Responsibility for this film’s maddeningly anti-aesthetic appearance has to be laid at the feet of Werner W. Wallroth, the same director who gave us, the Gojko Mitic/Dean Reed Indianerfilm, Blood Brothers. Wallroth, by 1977, had made a dozen movies for cinema and television, so we can assume that he was intentionally avoiding traditional aesthetics, perhaps in an attempt to create a more spontaneous look and feel. Whether he succeeds or not is up to the viewer, but he is clearly throwing out a lot of the rules of traditional filmmaking. Nearly every musical number in this film is approached from a contrarian’s perspective. Angelika Mann’s song “Bei den sieben Zwergen” (“With the Seven Dwarves”), for instance, takes the Snow White story of the Brothers Grimm and inverts it with Snow White substantially shorter than any of the so-called dwarves.

Conspicuous by their absence from the film are Nina Hagen and the rock band, Renft. Nina Hagen had left the country a few months before the film was released. A year earlier, her step-father, Wolf Biermann, was singing at a concert in Cologne when the GDR officials let it be known that he was not welcome back into the GDR (Biermann had been born in Hamburg, so he was, by birth, a West German). Although very much a socialist, his songs attacking the stagnation occurring in the upper ranks of the SED were seen as a threat to the authorities. Biermann’s wife, the popular East German actress, Eva-Marie Hagen, and her daughter Nina petitioned to be allowed to join Biermann in the west. Nina let it be know that if not allowed to join him, she would replace him as the voice of protest in the GDR. After some hemming and hawing, the authorities finally agreed to let the two woman leave the country. By 1977, the young Nina was already one of the GDR’s most successful singers. Back then, she was cute as a button and tended to sing novelty songs about sneezing and tango dancing. Her most famous song from this period was “Du has dein Farbfilm vergessen” (“You forgot the color film”), sung from the perspective of a woman who is really, really pissed at her boyfriend (husband?) for using black-and-white film during their vacation.

Renft, on the other hand, had been banned before the Biermann debacle. The band, led by singer/bass guitarist Klaus Renft, was one of the better rock bands in the GDR, but their lyrics, mostly penned by singer Gerulf Pannach, often ran afoul of the authorities with their challenges to the status quo. Finally, in 1975, the government decided to solve the problem by erasing all evidence that the band ever existed. Renft LPs were removed from stores and from playlists, both past and present. Two of the members were imprisoned for nine months at the infamous Stasi prison in Alt-Hohenschönhausen. This tactic did succeed in breaking up the band (temporarily), but did little to diminish interest in them. If anything, it turned them into icons of change and challenge, and gave them a cult underground following. The verboten Renft LPs became highly sought after items on the East German black market. After the Wende, the band got back together. Since that time, several of the original members (including Klaus Renft) have died, but the band continues to perform.

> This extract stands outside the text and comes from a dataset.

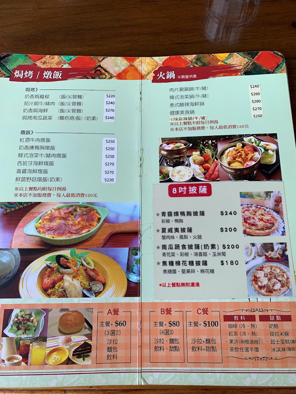 餐點很好吃,雖然是意式餐廳,但也有小火鍋,基本的焗烤料理跟燴飯都有,麵包蠻推的,整體的環境很明亮
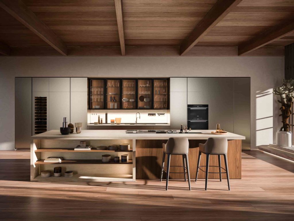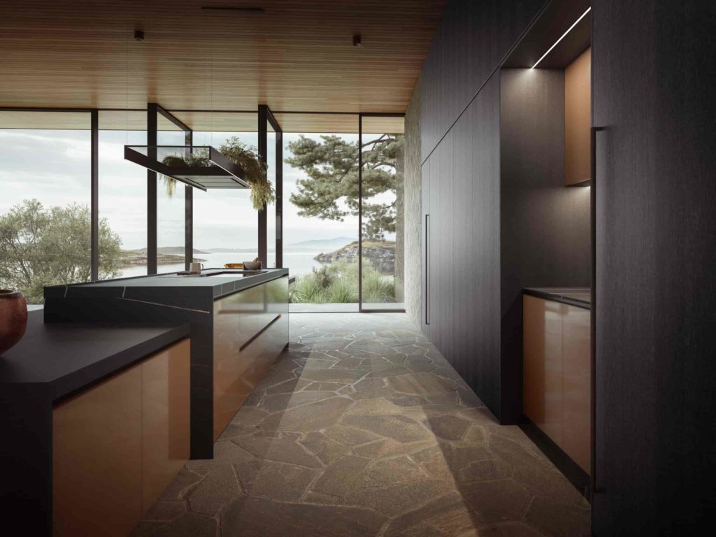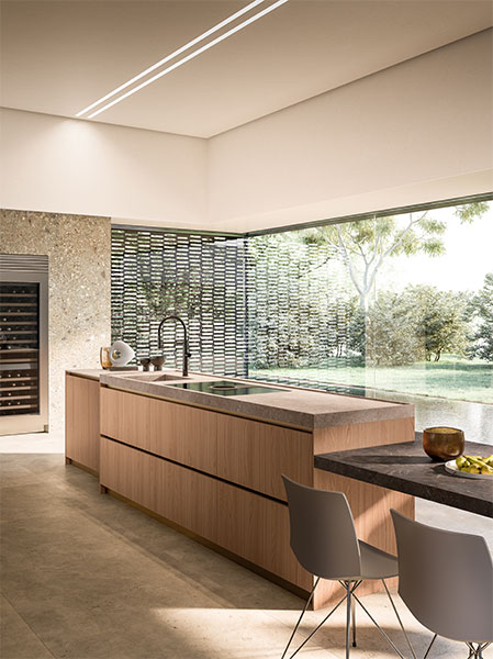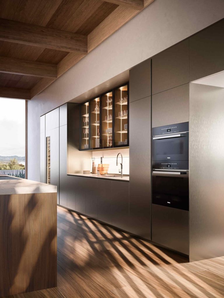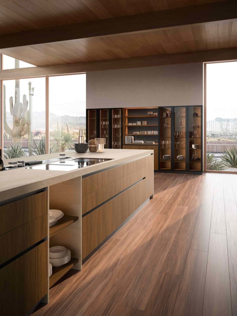Une cuisine qui communique avec l’ambiance extérieure, chaude, solaire. La présence du bois plaqué Noce et du laqué métallique Ambra, avec sa surface rayée et la poignée Zeta intégrée dans la porte, rend essentiel, fonctionnel et harmonieux le design de toute la composition.

But the biggest star missing from the DEFA Disko 77 line-up is Frank Schöbel. Schöbel was on top of the pops in 1977, but for whatever reason (perhaps some reader can enlighten me) he does not appear in this film. His ex-wife, Chris Doerk, is here, along with Dorit Gäbler, who appeared with Doerk and Schöbel in Nicht schummeln, Liebling: the follow-up to Hot Summer, and their last feature film together. This was around the time that Schöbel and Doerk broke up, so perhaps that was a factor in his absence from this film.

In a way, DEFA Disko 77 works as a metaphor for the state of East Germany in 1977. The film starts with punchy rock numbers that, while not really disco, come closer to fulfilling the film’s title than the later numbers. By the final sequence, the film has drifted so far from the stated goal that it must have left audiences confused. The introductory black-and-white sequences are often shot with hand-held cameras from behind balcony railings, and around corners. These scenes, reminiscent of surveillance videos, make it look like the camera is spying on the performers and can’t help but make one think of the Stasi, who undoubtedly were busy making similar videos of everyone involved with this film at that time. It is hard to believe that this is unintentional, but it is handled so innocuously that it got by the censors.

The final number is the most telling of all. To close out things, the filmmakers chose a song by Dorit Gäbler and Wolfgang Wallroth titled “Es wird bald Frühling sein” (“It will be spring soon”). Musically, this is a fairly standard German schlager, so why was this song chosen to close the movie? The fact that Wolfgang Wallroth was the director’s brother might have had something to do with it. Whatever the reason, it leaves the movie in a strange place. Finishing things in a downward arc that takes us from an experimental beginning to traditional German music at the end, as if to say, this is the path we’re taking as we march forward into the past. The song talks about how things are about to get better, but the visual information belies this sentiment. The duo sings in a house where all the snow is falling on the inside, trapping them in a wintry world. Later, we see the same duo, now hobos, walking along the train tracks, still chipper, but poorer. Interspersed throughout the video is scene in a junkyard that is slowly being covered with vinyl stick-on flowers. No matter how many flowers are added to the landscape, we never escape the fact that it is still a junkyard. Was the director trying to tell us something? Unfortunately, we may ever know. Werner W. Wallroth died a few months ago (August 9, 2011) in Erfurt.

Two months after DEFA Disko 77 played in the East German movie houses, The TV show Disco ‘77 aired in the United States. Disco ‘77 was the first nationally syndicated show devoted to disco music and was hosted by Randy Jones, better known as the cowboy from The Village People. Any similarity between the East German film and the American TV show, though, is not merely coincidental—it is non-existent.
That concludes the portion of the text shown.